**WHAT YOU ARE ASKED TO DO**: Set down the listing exactly as given, minus images.

**INFORMATION PROVIDED**:
##########

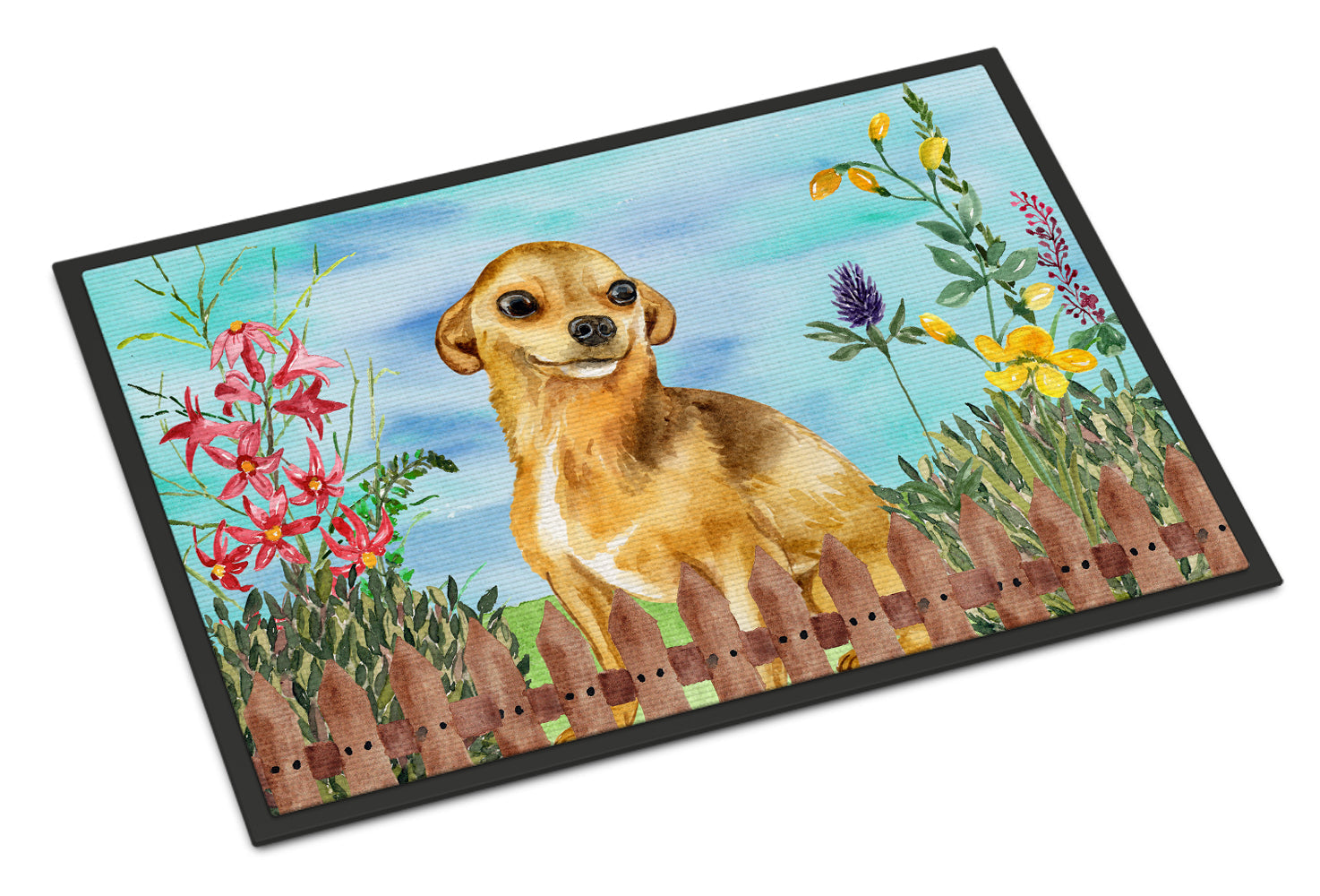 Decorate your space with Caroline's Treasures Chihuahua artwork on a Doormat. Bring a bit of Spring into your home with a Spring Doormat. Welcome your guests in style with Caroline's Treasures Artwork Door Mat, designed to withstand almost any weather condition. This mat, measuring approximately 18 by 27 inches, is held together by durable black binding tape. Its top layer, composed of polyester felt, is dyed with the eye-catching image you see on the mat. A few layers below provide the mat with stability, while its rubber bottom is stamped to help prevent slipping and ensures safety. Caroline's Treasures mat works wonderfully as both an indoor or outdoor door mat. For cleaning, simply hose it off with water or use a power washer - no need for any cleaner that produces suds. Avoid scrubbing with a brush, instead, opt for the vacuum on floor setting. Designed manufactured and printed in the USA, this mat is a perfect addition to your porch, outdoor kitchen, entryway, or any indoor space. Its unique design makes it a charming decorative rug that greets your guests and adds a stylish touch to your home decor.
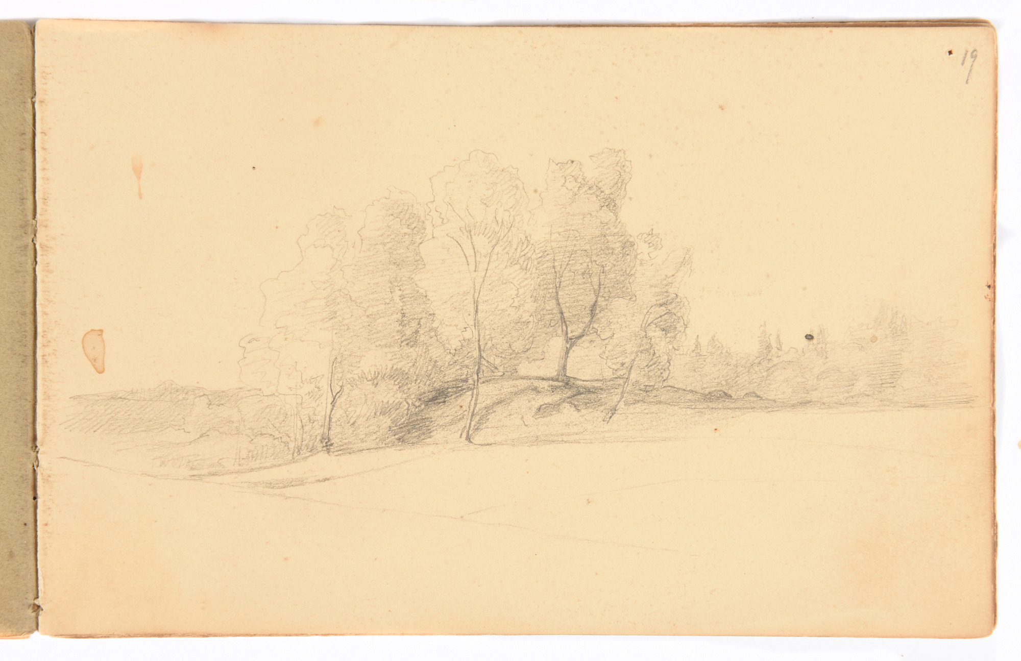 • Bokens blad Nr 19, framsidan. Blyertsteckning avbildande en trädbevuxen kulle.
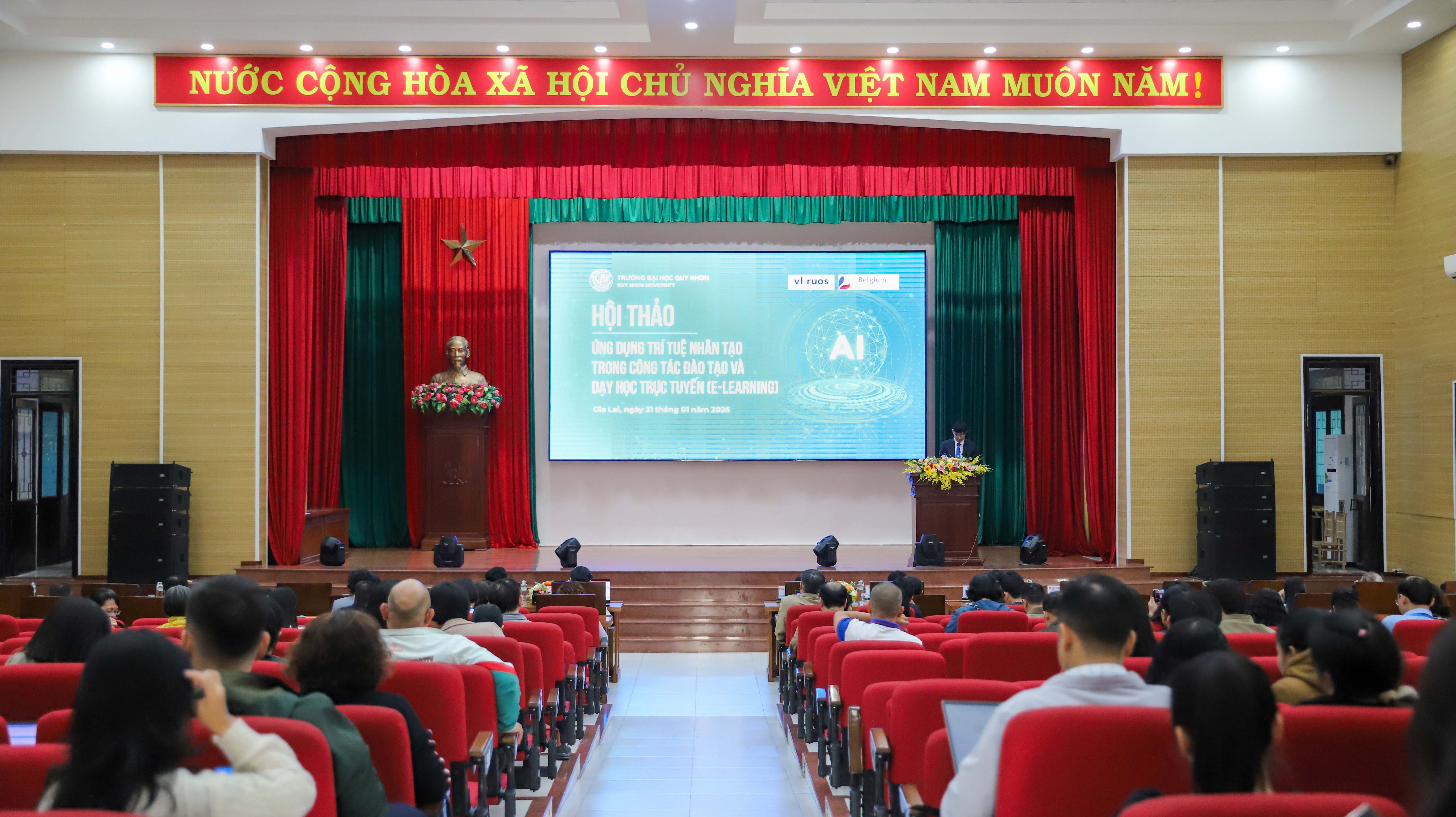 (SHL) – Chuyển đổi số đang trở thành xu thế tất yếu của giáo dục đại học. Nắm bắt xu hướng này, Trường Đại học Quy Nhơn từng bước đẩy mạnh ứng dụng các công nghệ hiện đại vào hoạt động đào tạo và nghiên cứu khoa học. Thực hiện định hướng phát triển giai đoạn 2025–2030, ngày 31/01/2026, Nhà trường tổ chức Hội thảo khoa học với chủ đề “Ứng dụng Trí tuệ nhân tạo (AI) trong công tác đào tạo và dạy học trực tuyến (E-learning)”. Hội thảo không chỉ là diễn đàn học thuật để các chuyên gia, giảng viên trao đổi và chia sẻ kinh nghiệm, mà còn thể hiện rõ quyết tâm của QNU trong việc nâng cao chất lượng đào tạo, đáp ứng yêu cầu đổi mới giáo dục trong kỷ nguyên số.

##########

**SOLUTION FOR THIS PROBLEM**:
 Decorate your space with Caroline's Treasures Chihuahua artwork on a Doormat. Bring a bit of Spring into your home with a Spring Doormat. Welcome your guests in style with Caroline's Treasures Artwork Door Mat, designed to withstand almost any weather condition. This mat, measuring approximately 18 by 27 inches, is held together by durable black binding tape. Its top layer, composed of polyester felt, is dyed with the eye-catching image you see on the mat. A few layers below provide the mat with stability, while its rubber bottom is stamped to help prevent slipping and ensures safety. Caroline's Treasures mat works wonderfully as both an indoor or outdoor door mat. For cleaning, simply hose it off with water or use a power washer - no need for any cleaner that produces suds. Avoid scrubbing with a brush, instead, opt for the vacuum on floor setting. Designed manufactured and printed in the USA, this mat is a perfect addition to your porch, outdoor kitchen, entryway, or any indoor space. Its unique design makes it a charming decorative rug that greets your guests and adds a stylish touch to your home decor.
 • Bokens blad Nr 19, framsidan. Blyertsteckning avbildande en trädbevuxen kulle.
 (SHL) – Chuyển đổi số đang trở thành xu thế tất yếu của giáo dục đại học. Nắm bắt xu hướng này, Trường Đại học Quy Nhơn từng bước đẩy mạnh ứng dụng các công nghệ hiện đại vào hoạt động đào tạo và nghiên cứu khoa học. Thực hiện định hướng phát triển giai đoạn 2025–2030, ngày 31/01/2026, Nhà trường tổ chức Hội thảo khoa học với chủ đề “Ứng dụng Trí tuệ nhân tạo (AI) trong công tác đào tạo và dạy học trực tuyến (E-learning)”. Hội thảo không chỉ là diễn đàn học thuật để các chuyên gia, giảng viên trao đổi và chia sẻ kinh nghiệm, mà còn thể hiện rõ quyết tâm của QNU trong việc nâng cao chất lượng đào tạo, đáp ứng yêu cầu đổi mới giáo dục trong kỷ nguyên số.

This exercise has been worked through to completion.